Я не хотел слушать ни мать, ни жену, мне было страшно. В их стремительном разрушении прошлого мне могло открыться, что я ошибался в своем отце и не знал самого себя. Их разговор представлялся мне столкновением двух темных масс, но если темнота матери обогревала, то темнота Пегги была холодная, плотная, металлическая. А ведь, став моей женой, Пегги приняла на себя обязанность делить со мною мой долг, заботиться о моей матери, приноравливаться ко всем неожиданностям атмосферы, ее окружавшей. Даже дым сигареты Пегги врывался в эту атмосферу чем-то оскорбительным.

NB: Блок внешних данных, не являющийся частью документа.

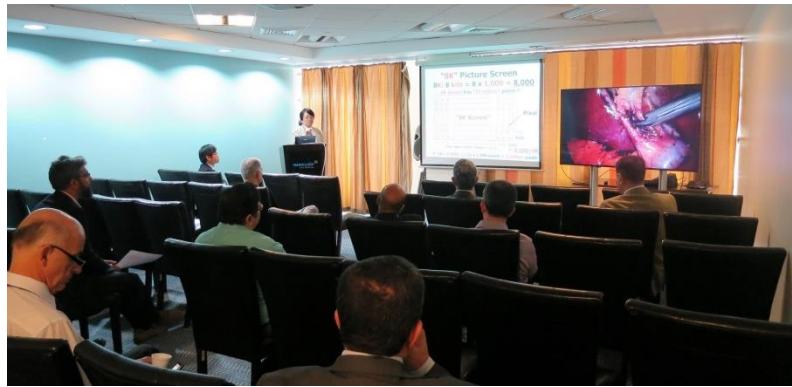
(MEDICLINIC CITY HOSPITAL でのプレゼンテーションの様子)

訪問先： Khaleej Times 社 (http://www.khaleejtimes.com/)
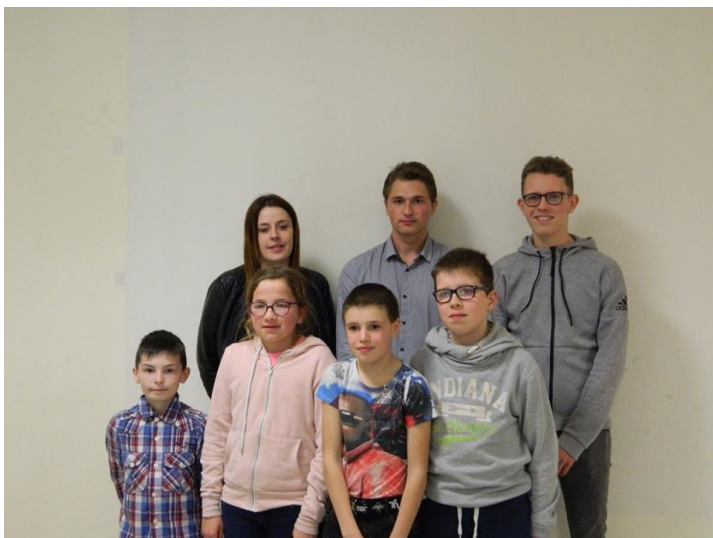
Les qualifiés de Beaulieu sur Oudon

La Finale qui a eu lieu au cinéma Le Trianon du Bourgneuf a vu la victoire du joueur du Bourgneuf suivi du candidat de La Brûlatte, Beaulieu s'octroie la troisième place du podium ! Bravo et merci à tous d'avoir participé.
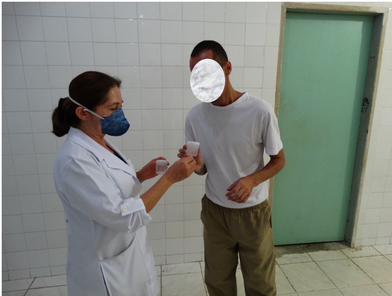
Busca Ativa na P. I de Guarulhos
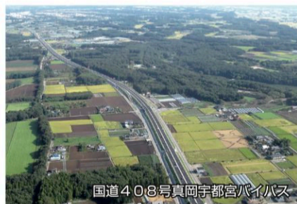
国道408号真岡宇都宮バイパス

の集積を推進し「とちぎのエコ・コンパクトシティ」の実現を図ること」など、地域経済の力強い成長を支える県土整備を進めるため、4つの視点から提言しています。
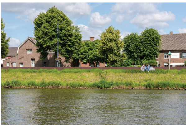
impresie vanaf het water

Щенок соскочил с дивана и улегся на коврике перед камином, прежде заменявшем в ванной циновку, но дрова в камине стреляли над самым его ухом, и он в конце концов перебрался в кухню, на привычное свое место под обеденным столом. Дров нужно было подбросить. Я снова спустился в погреб, где все еще витал для меня дух отца, и принес большую охапку поленьев. Огонь сразу разгорелся, и я подумал: наверно, его буйным взорам Пегги, гордо застывшая в вольтеровском кресле, представляется существующей лишь в одном повороте, как карточная фигура. Мать под вкрадчивое бормотание дождя продолжала разговор.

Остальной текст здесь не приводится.